Distância no intervalo

Nesse momento, o recreio exigirá um cuidado maior dos alunos. Isso porque, para se
alimentar, os estudantes devem retirar as máscaras, sendo mais expostos, então, ao risco de
risco de contágio. O Sírio-Libanês pede que as escolas estabeleçam um período mais breve
para o intervalo, além de orientar que os alunos mantenham o distanciamento de 1,5 m (ou
dois braços de o distanciamento de 1,5 m (ou dois braços de distância) e evitem conversar.
Aliás, os estudantes não devem dividir o lanche trazido de casa.

Não compartilhe seu material

Outro ponto importante é evitar o compartilhamento dos materiais. Sabe quando você se dá
conta de que esqueceu a caneta em casa?

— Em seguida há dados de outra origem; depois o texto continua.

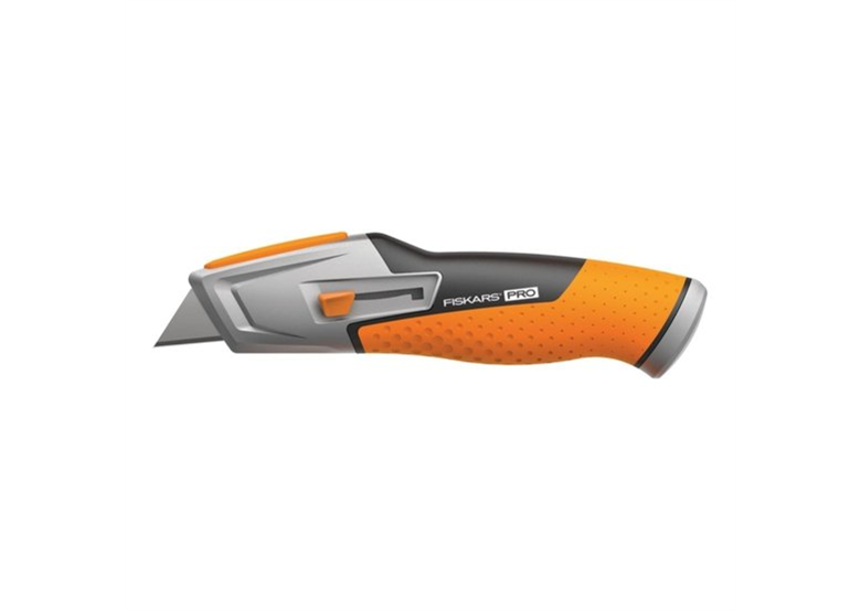 Nóż uniwersalny CarbonMax™ z chowanym ostrzem Fiskars 1027223 cechuje się bardzo wysoką ostrością cięcia oraz komfortem pracy. Metalowy korpus jest odporny na uszkodzenia oraz zapewnia bardzo dobre wyważenie w dłoni, które poprawia manewrowość. Nóż posiada praktyczny schowek na 5 zapasowych ostrzy. Posiada specjalną blokadę, która uniemożliwia cofanie się ostrza.
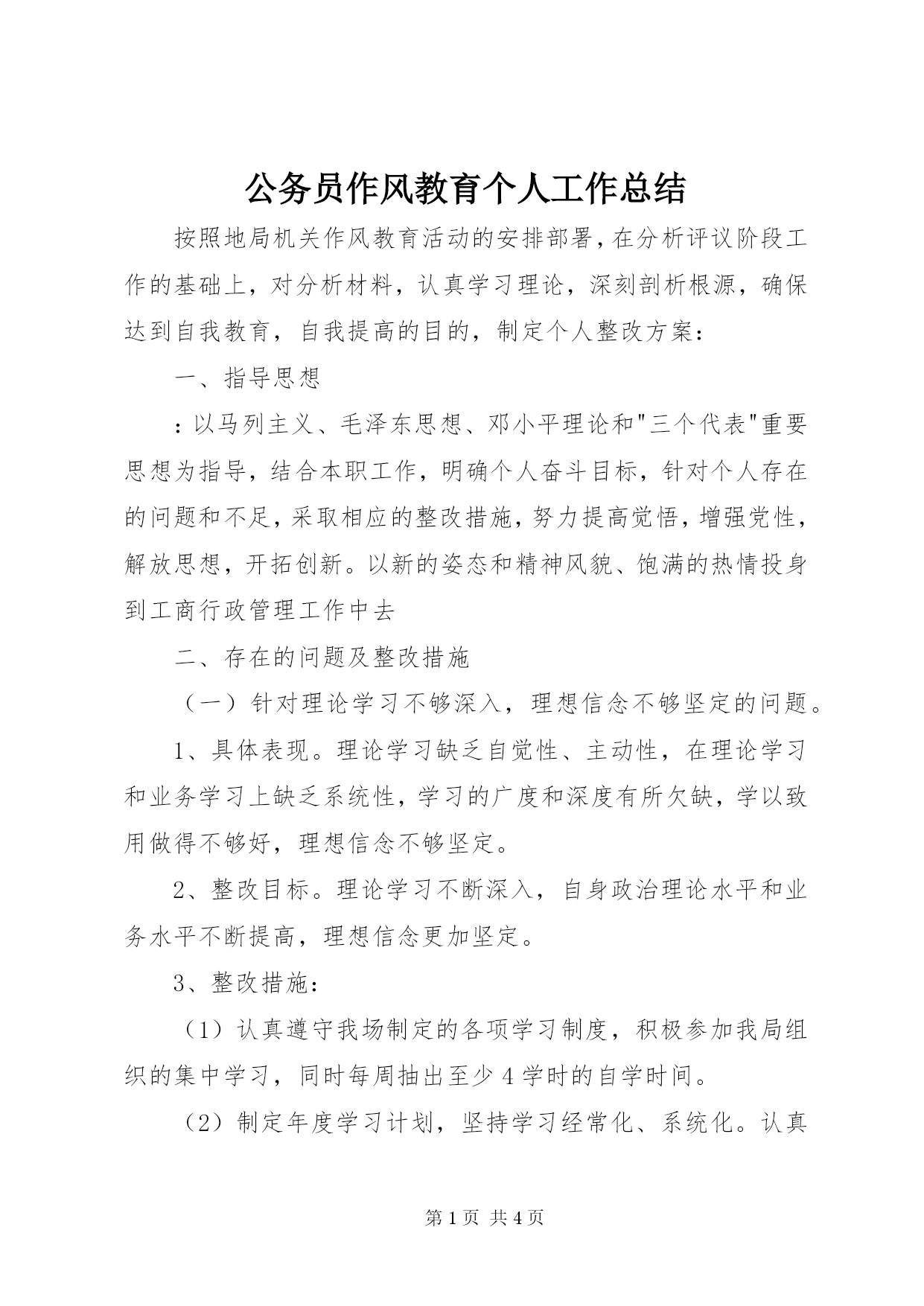 第PAGE\*Arabic\*MERGEFORMAT4页共NUMPAGES\*MERGEFORMAT4页公务员作风教育个人工作总结按照地局机关作风教育活动的安排部署,在分析评议阶段工作的基础上,对分析材料,认真学习理论,深刻剖析根源,确保达到自我教育,自我提高的目的,制定个人整改方案:一、指导思想:以马列主义、毛泽东思想、邓小平理论和"三个代表"重要思想为指导,结合本职工作,明确个人奋斗目标,针对个人存在的问题和不足,采取相应的整改措施,努力提高觉悟,增强党性,解放思想,开拓创新。以新的姿态和
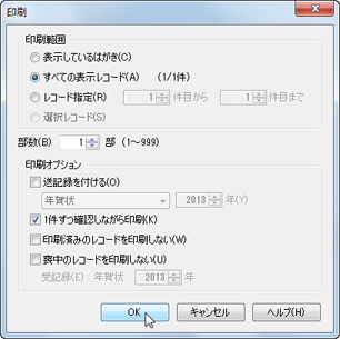 [部数(B)]に印刷部数を入力し、[OK]ボタンをクリックします。 | ||||||||||||||||||
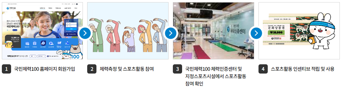 (단, 스포츠활동 인센티브 적립 및 사용을 위해 국민체력100 홈페이지 회원가입 필수)
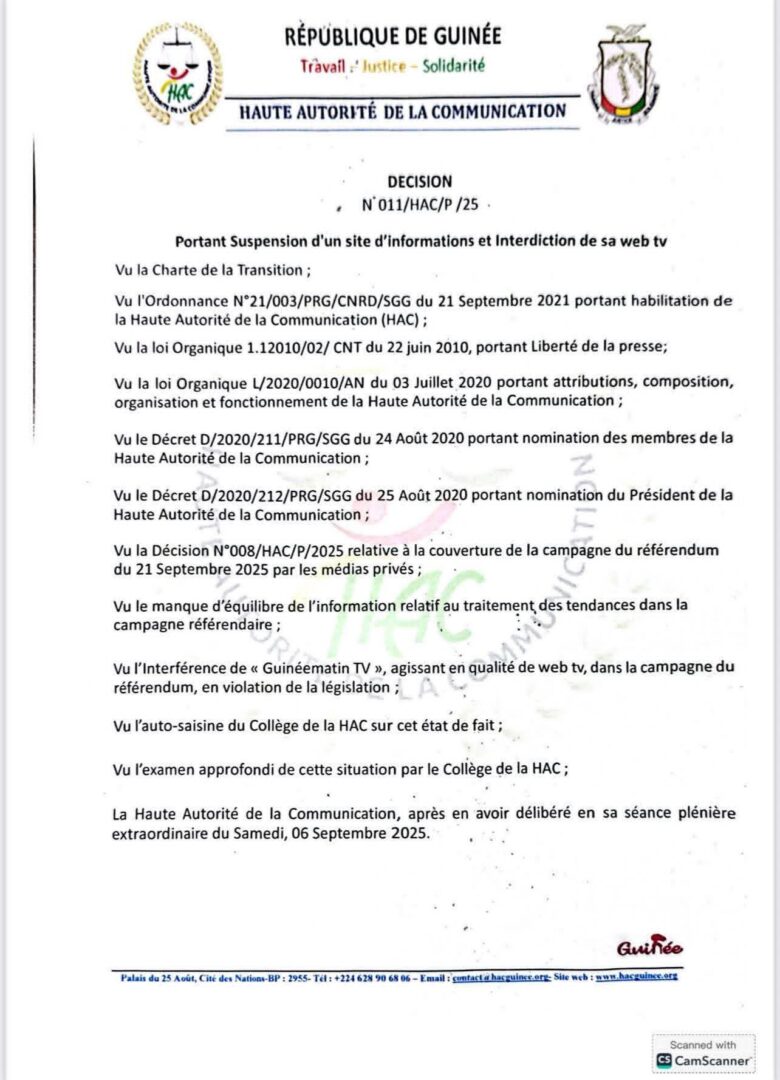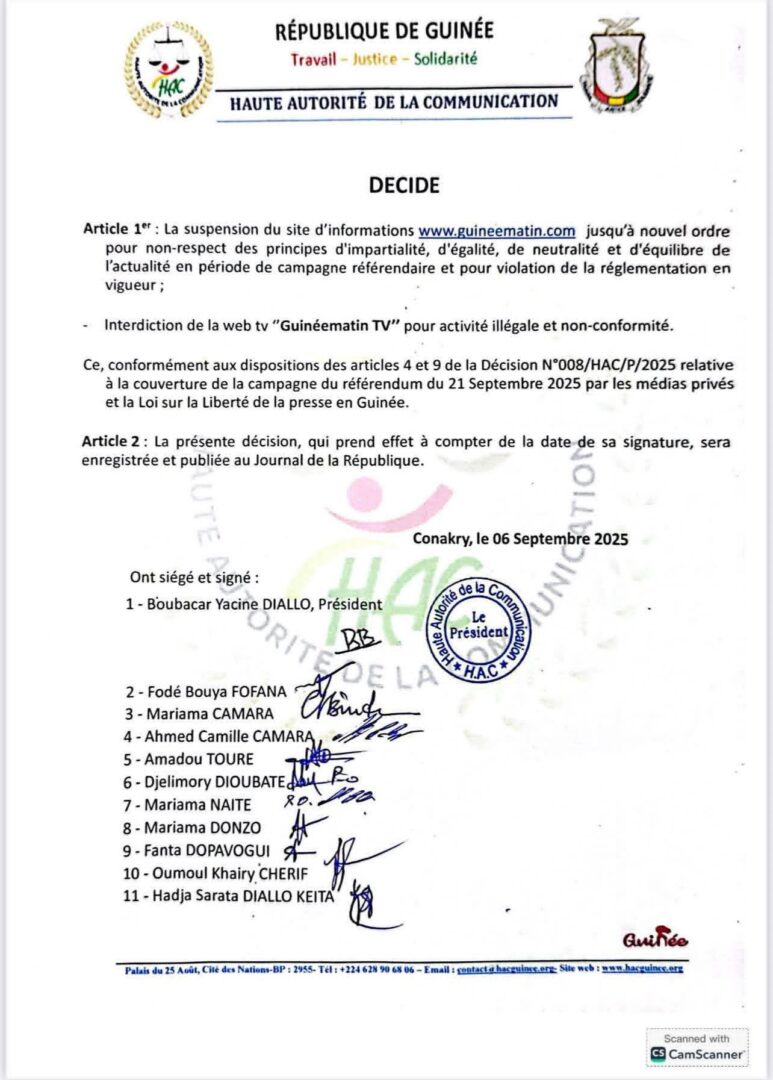 Dernière minute: le site Guineematin.com suspendu par la HAC (décision)

Evite pedir para os colegas ou mesmo de emprestar
seus materiais – canetas, cadernos ou mesmo folhas de papel. Maura menciona que, “se o
compartilhamento for inevitável, o objeto deve ser higienizado ou você deve higienizar as
mãos antes e após tocar o material”.
Evite aglomerações

Seja na entrada e na saída da escola ou durante os intervalos, evite formar aglomerações com
seus colegas de classe. Mantenha-se atento ao distanciamento de dois braços (como
mencionado acima) e evite formar rodas de conversa com muitas pessoas e, também, praticar
brincadeiras coletivas. Esportes como futebol, basquete e qualquer outro que envolva contato
não devem acontecer mesmo nas aulas de Educação Física. Evite, também, ambientes
pequenos e fechados como os elevadores.

O olhar

Enquanto os sorrisos estão cobertos pela máscara e os abraços não são possíveis, é preciso
encontrar outras formas de demonstrarmos afeto. Para Joana, por um lado, “esse é um
convite interessante porque o olhar diz muito e a gente aproveita pouco”. Essa vai ser a
maneira, pelo menos por um tempo, para demonstrar afeto e para se comunicar.

Apareceu algum sintoma?

Não vá à escola! Maura afirma que, diferentemente do protocolo habitual, é importante que
as escolas incentivem os alunos a ficarem em casa caso algum sintoma, mesmo que pequeno,
apareça. “É importante que essa medida seja incentivada para os alunos e para os pais”, diz.
Nada de seguir aquela regra antiga de só anular a falta caso o aluno tenha um atestado
médico. Então, evite colocar seus colegas e a si mesmo em risco mesmo que ainda não tenha
certeza sobre a testagem positiva para a covid-19.